▶ [Task] Would you copy the records exactly, leaving the pictures out?

[Dataset entries]
== Segment start ==

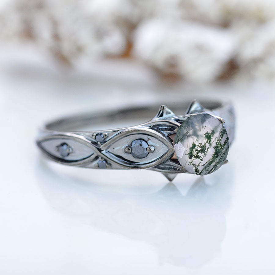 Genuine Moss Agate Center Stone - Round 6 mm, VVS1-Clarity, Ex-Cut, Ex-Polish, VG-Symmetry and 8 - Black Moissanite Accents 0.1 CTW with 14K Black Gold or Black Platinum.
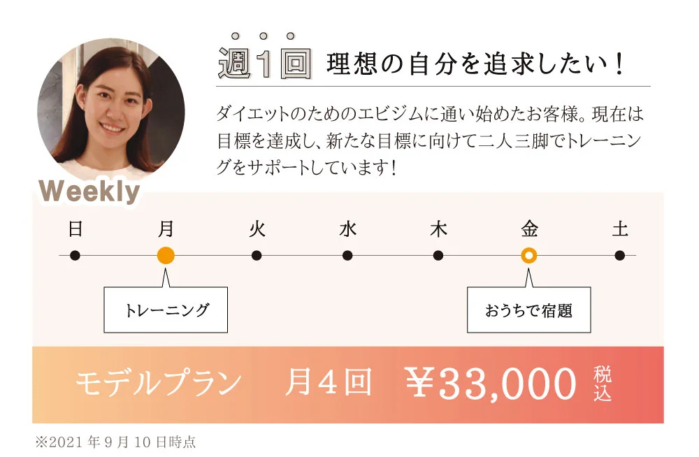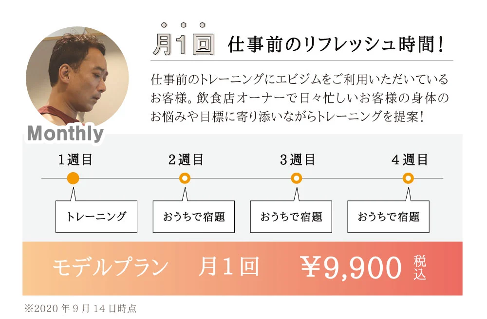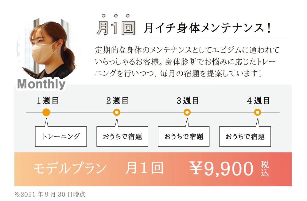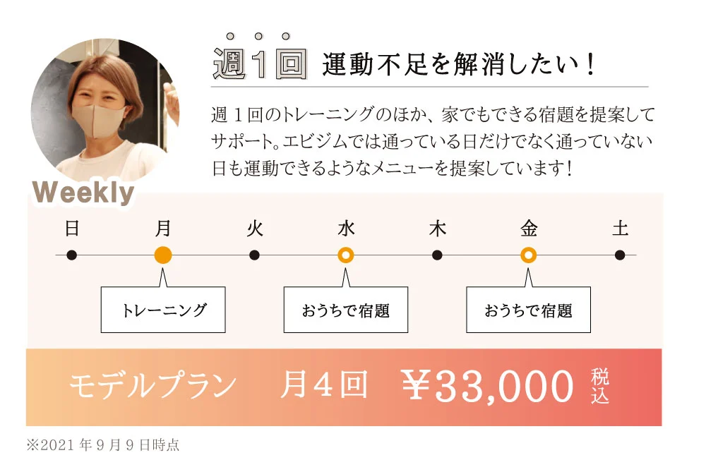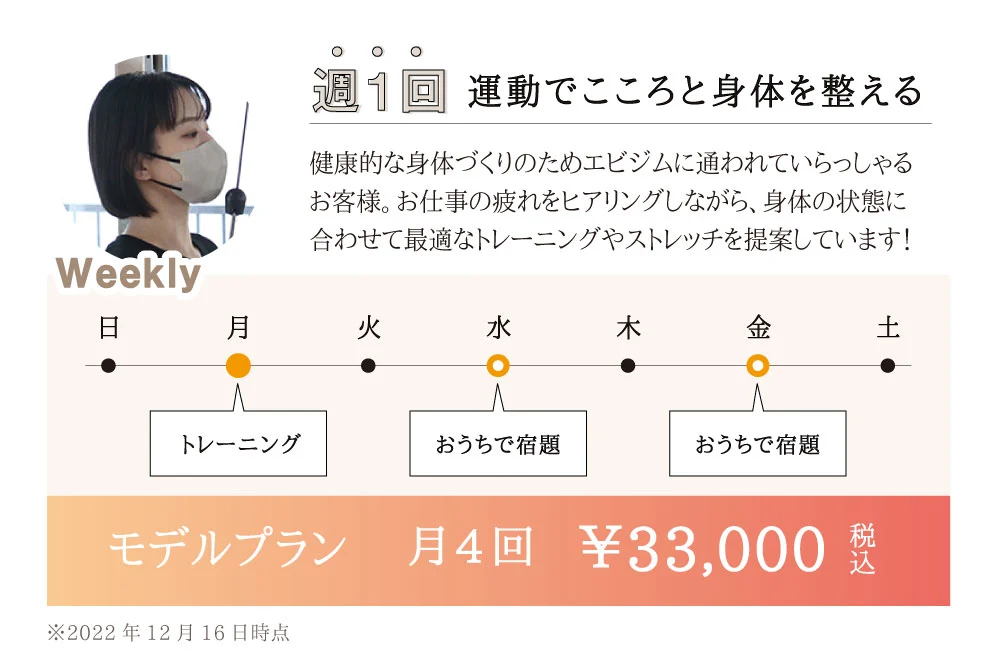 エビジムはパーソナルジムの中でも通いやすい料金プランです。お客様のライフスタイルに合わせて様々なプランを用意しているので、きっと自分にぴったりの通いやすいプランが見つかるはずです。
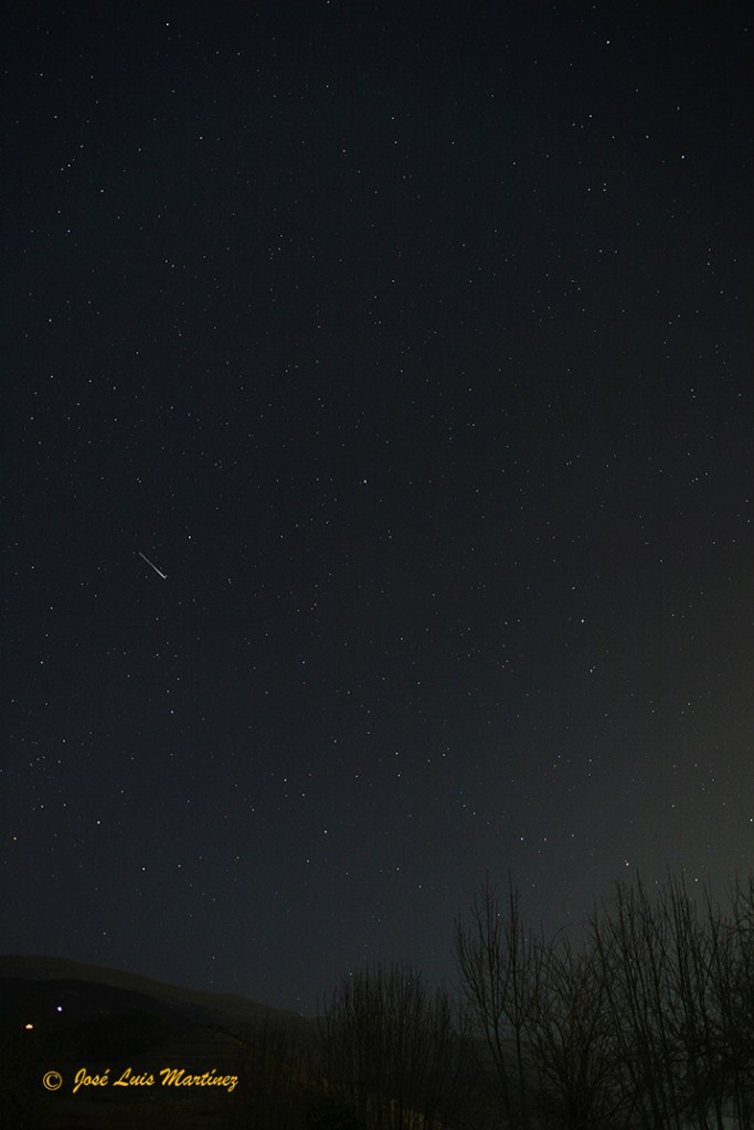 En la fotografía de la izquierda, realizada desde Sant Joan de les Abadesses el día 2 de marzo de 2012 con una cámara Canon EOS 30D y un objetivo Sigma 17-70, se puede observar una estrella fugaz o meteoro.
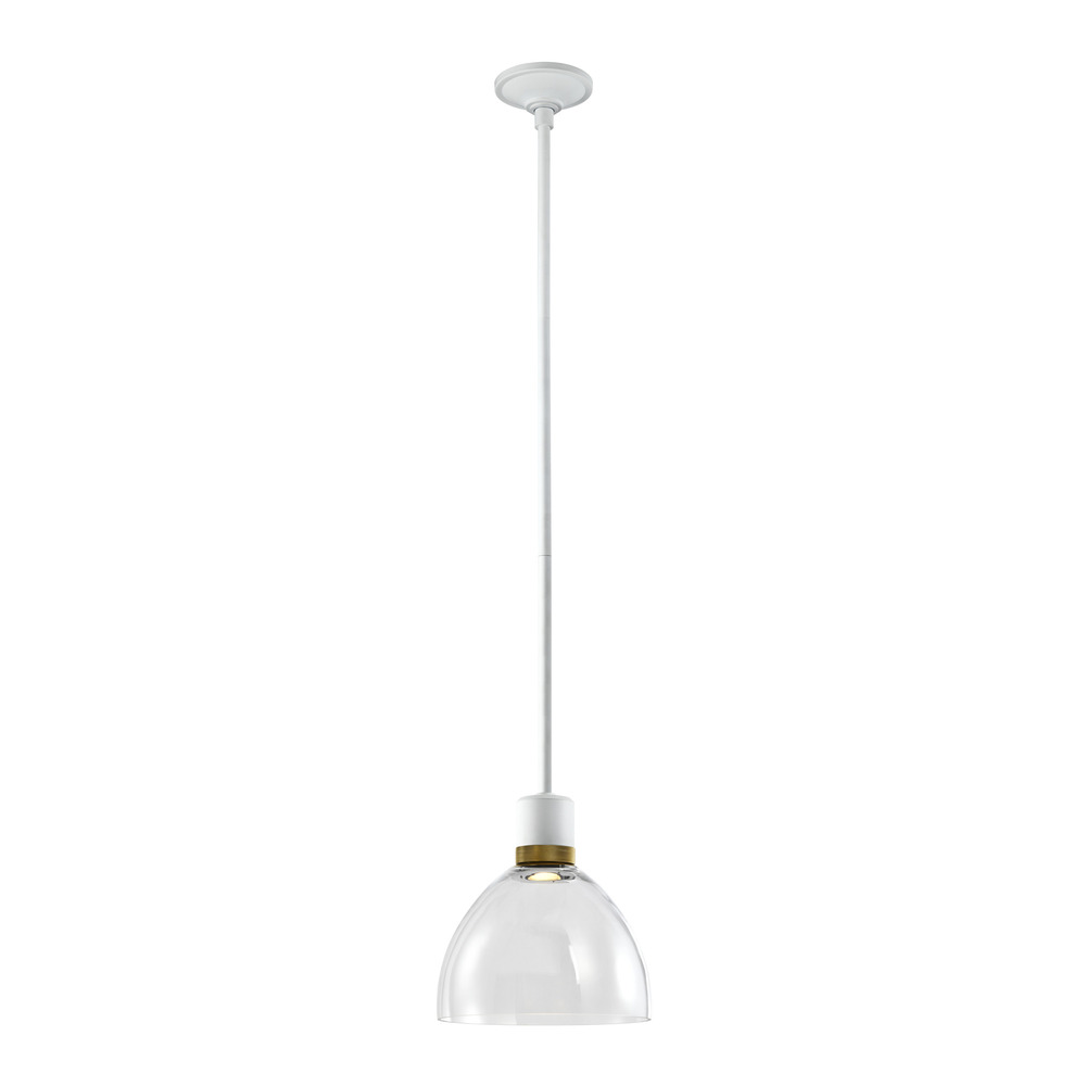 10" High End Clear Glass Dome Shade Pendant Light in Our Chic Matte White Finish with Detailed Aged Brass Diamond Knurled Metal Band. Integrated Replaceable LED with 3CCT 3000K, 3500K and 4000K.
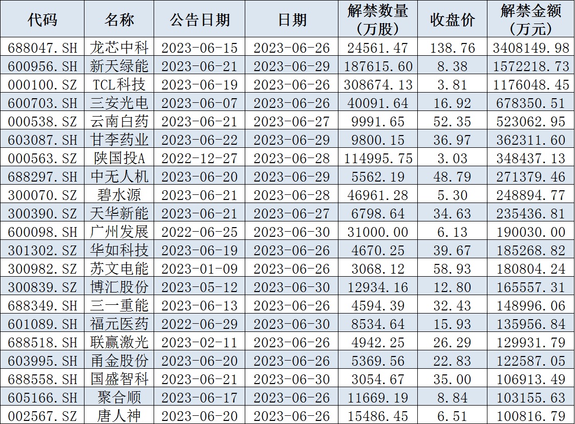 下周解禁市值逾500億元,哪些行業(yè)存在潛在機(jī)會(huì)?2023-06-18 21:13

== Segment end ==

▶ [Exercise output]
 Genuine Moss Agate Center Stone - Round 6 mm, VVS1-Clarity, Ex-Cut, Ex-Polish, VG-Symmetry and 8 - Black Moissanite Accents 0.1 CTW with 14K Black Gold or Black Platinum.
 エビジムはパーソナルジムの中でも通いやすい料金プランです。お客様のライフスタイルに合わせて様々なプランを用意しているので、きっと自分にぴったりの通いやすいプランが見つかるはずです。
 En la fotografía de la izquierda, realizada desde Sant Joan de les Abadesses el día 2 de marzo de 2012 con una cámara Canon EOS 30D y un objetivo Sigma 17-70, se puede observar una estrella fugaz o meteoro.
 10" High End Clear Glass Dome Shade Pendant Light in Our Chic Matte White Finish with Detailed Aged Brass Diamond Knurled Metal Band. Integrated Replaceable LED with 3CCT 3000K, 3500K and 4000K.
 下周解禁市值逾500億元,哪些行業(yè)存在潛在機(jī)會(huì)?2023-06-18 21:13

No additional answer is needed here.